Et c'était partit. Un jeu d'alcool que je devais gagner par simple action commerciale, même si personnellement je m'en badigeonnais allègrement les couilles avec le pinceau de l'indifférence, Hank le patron le verrait d'un autre œil. Enfin, de toute manière, à six participants, si je perdais, ça faisait déjà quatre personnes qui payeraient plus qu'elles n'auraient dut, par conséquent, ça fera une bonne soirée obligatoire. Moi qui comptait dans tous les cas ne pas payer mes consommations, je gagnais forcément. J'étais prêt pour une bonne soirée, bien entamé par la drogue déjà, j'augmentais un peu la musique pour ne pas faire retomber l'ambiance. Poursuivant ma cigarette, la tequila serait l'alcool en shooter désigné d'office. Un parce que c'était ce qui était le plus raisonnable en prix, et deux, parce que ce fut la première bouteille me tombant sous la main. Sans le faire remarquer, j'avais l'avantage, pour la plupart, tous étaient là depuis 16 heures de l'après midi, et ils étaient bourrés depuis leurs cinq ans. Trop défoncé pour connaître mes limites, moi, rien ne m'arrêtait, surtout si la fête était au bout du chemin. Vomir, ça ne m'avait jamais tellement dérangé, après tout, avec le nombre de bad trip et rejet que je faisais par mois, ce n'était pas une cuite aux shooters qui allait me faire peur. Je servais la première tournée tout en expliquant rapidement les quelques règles du jeu.

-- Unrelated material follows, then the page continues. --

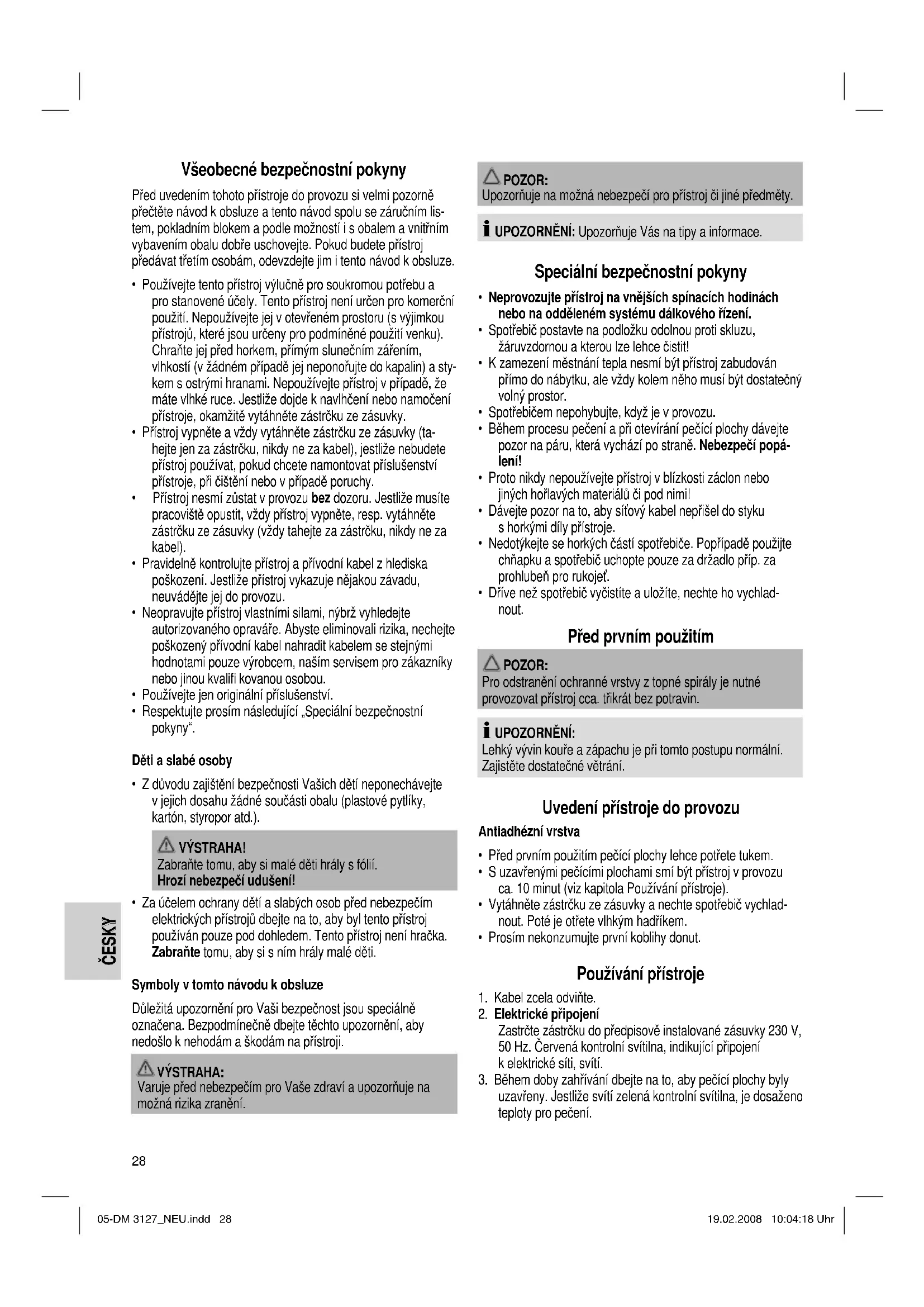 uzavřeny. Jestliže svítí zelená kontrolní svítilna, je dosaženo teploty pro pečení. 05-DM 3127_NEU.indd 2805-DM 3127_NEU.indd 28 19.02.2008 10:04:18 Uhr19.02.2008 10:04:18 Uhr29 ČESKY ČESKY

« Un crachat, un vomi, le shooter pas fini et c'est perdu. On le prend en même temps, cul sec obligatoire, si vous le sentez pas, vous abandonnez et réglez la note. À vos marques, prêts, santé ! »


Premier tour, très rapide, très agréable, ça mettait en condition. Deuxième tour, rien à signaler non plus, j'observais pas tellement les gens, je gérais le service des autres clients, et je remplissais les verres. Ce n'est qu'à la cinquième tournée que je vus un verre en moins. Il semblait déjà bien fragile pour un jeu comme celui-ci.

« Tu nettoieras ça, ou tes potes le feront. »


Encaissant les cinq shooters, je fournissais serpillière et seau pour que le vomi ne reste pas des heures au sol. Bref, le jeu se poursuivait, je continuais de fumer, l'alcool montait rapidement mais c'était vraiment agréable comme boulot, il n'y avait rien à dire, c'était le pied. Les tours s'enchaînaient et je ramassais les billets comme si je gagnais chaque manche au casino. Très vite il ne restait que moi et la jeune fille. Uniquement fille du jeu d'ailleurs, presque du bar j'avais envie de dire. Nous étions tout deux bien entamés, trop sûrement, elle s'arrêta avant moi et heureusement, je n'aurais pas continué tellement longtemps, atteignant ma limite. L'alcool était dans mon quotidien, mais elle se débrouillait très bien avec aussi. Elle semblait déçue d'avoir lâché, ça m'intriguait. À la fin du jeu, j'avais récolté plus d'argent que prévu encore, je m'allumais une autre clope, servant un verre d'eau à mon adversaire, je laissais une clope sortir du paquet, droit devant elle. Lui faisant un signe de tête pour qu'elle se décide à l'accepter, je reprenais la parole avant elle.

« Prends le verre d'eau aussi, ça te fera du bien. »


Souriant, mon élocution ne devait pas être si parfaite, mais après tout, nous étions tous trop bourrés pour nous en rendre compte. Contre toute attente, je la regardais s'avancer un peu, se penchant de plus en plus. La vue n'était pas gênante, je la voyais venir, c'était marrant. Comme son approche semblait le montrer, elle proposa un arrangement pour ne pas payer ses consommations. Je souriais, répondant ainsi à son petit sourire. Évidemment que ce genre d'arrangement ne convenait, elle était jolie, charmante et elle paraissait attachante. Cela dit, ça semblait trop facile.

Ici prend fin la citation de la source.